Tuesday, August 3, 2010: 2:10 PM
306-307, David L Lawrence Convention Center
Steve Kelling, Information Science, Cornell Lab of Ornithology, Ithaca, NY
Background/Question/Methods Increasing public engagement in volunteer science, through data collection or processing, can both raise the public’s awareness of science and gather useful scientific information. While the payoffs of citizen science are potentially large, achieving them requires new approaches to data gathering, management, and analysis that can only result from strong cross-disciplinary collaborations. Here we present once such collaboration between outreach and informatics specialists, ecologists, computer scientists, and statisticians that has resulted in accurate models of bird distributions based on habitat associations across much of North America. Unique is our ability to describe the dynamics of seasonal bird distributions and associated patterns of habitat use.Our source of bird distribution data is eBird (http://www.ebird.org), an online checklist program that currently gathers more than 100,000 checklists monthly from a hemisphere-wide network of contributors. For this analysis data from 320,000 eBird locations were linked to 500 environmental variables (e.g., land cover, geographic, climatic, and surveys gathering human demographic information). We used a “data driven” semi-parametric modeling methodology that combines the strengths of traditional parametric modeling (effective latent process modeling) with non-parametric models developed in machine learning (support for exploratory analysis of poorly-understood phenomena using large data sets). Results/Conclusions
The result is that we can (1) accurately describe seasonal changes in species distributions, (2) identify regional differences in organism’s migratory movements, and (3) discover seasonal differences in habitat associations. Quantitative measures of our model’s predictive performance provide accuracy scores of 83% and 88%, and AUC scores of 0.88 and 0.84. This combined with expert opinion confirm the accuracy of habitat-based distribution maps for many species of birds. Additionally we identify population-level patterns of habitat use for within-season variation, and across-season preference changes for many species.While the potential of citizen contribution to science is large, achieving them requires new approaches to data management and analysis.
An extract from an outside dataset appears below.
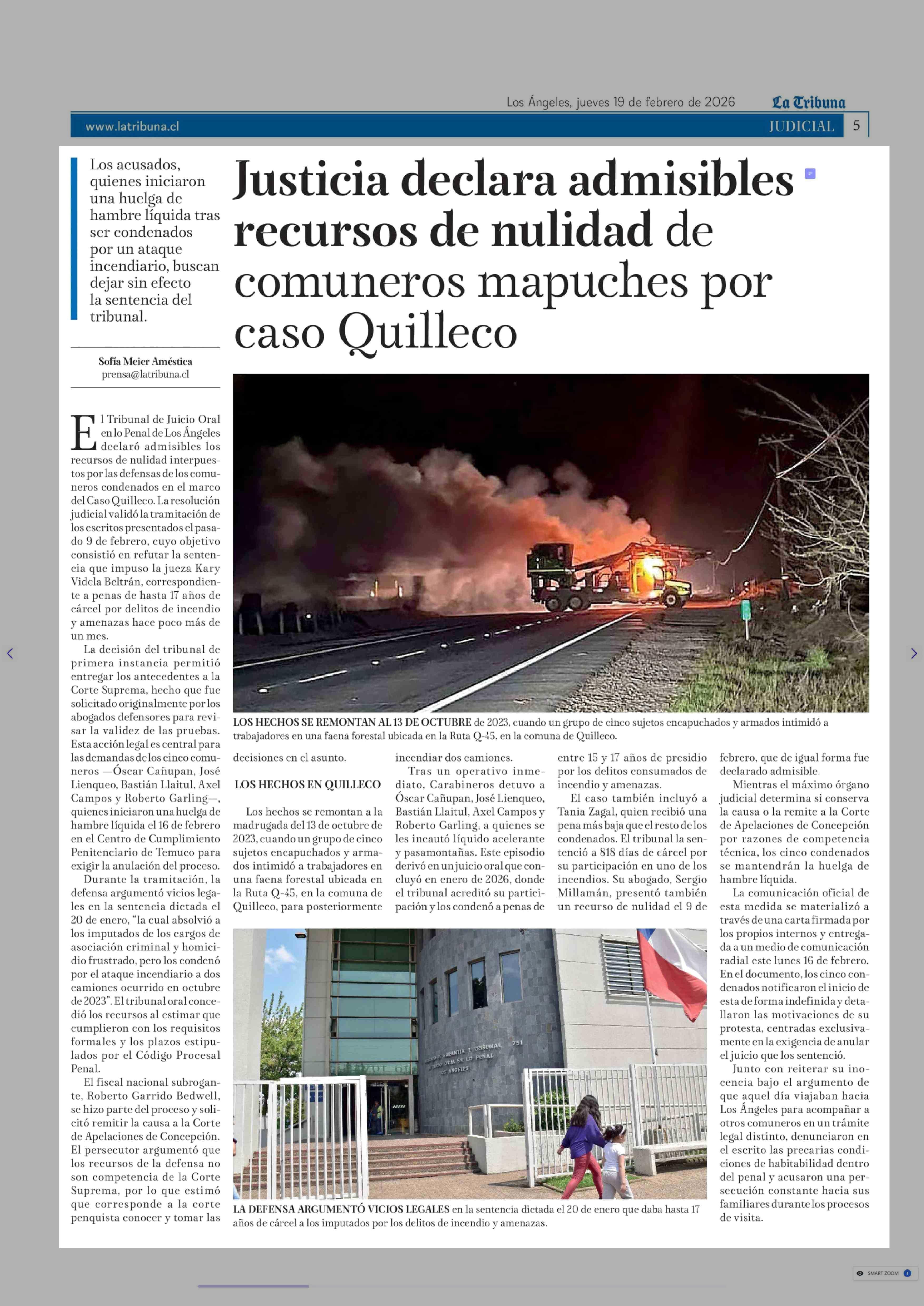 Justicia declara admisibles recursos de nulidad de comuneros mapuches por caso Quilleco 19-02-2026 La Tribuna |

Our results were made possible through a data intensive scientific workflow that uses the Internet and cyberinfrastructure to gather and vet data carefully, which is processed through novel analytical methods merged from machine learning, and statistics. The result is estimates of arrival and departure dates and habitat associations of bird populations that will facilitate our understanding of how organisms respond to broad-scale environmental variation such as changing biotic environments, or variation in weather and climate. Our approach of data collection, synthesis, analysis, and visualization will serve as a hallmark for future research initiatives, with broad applicability across many scientific domains.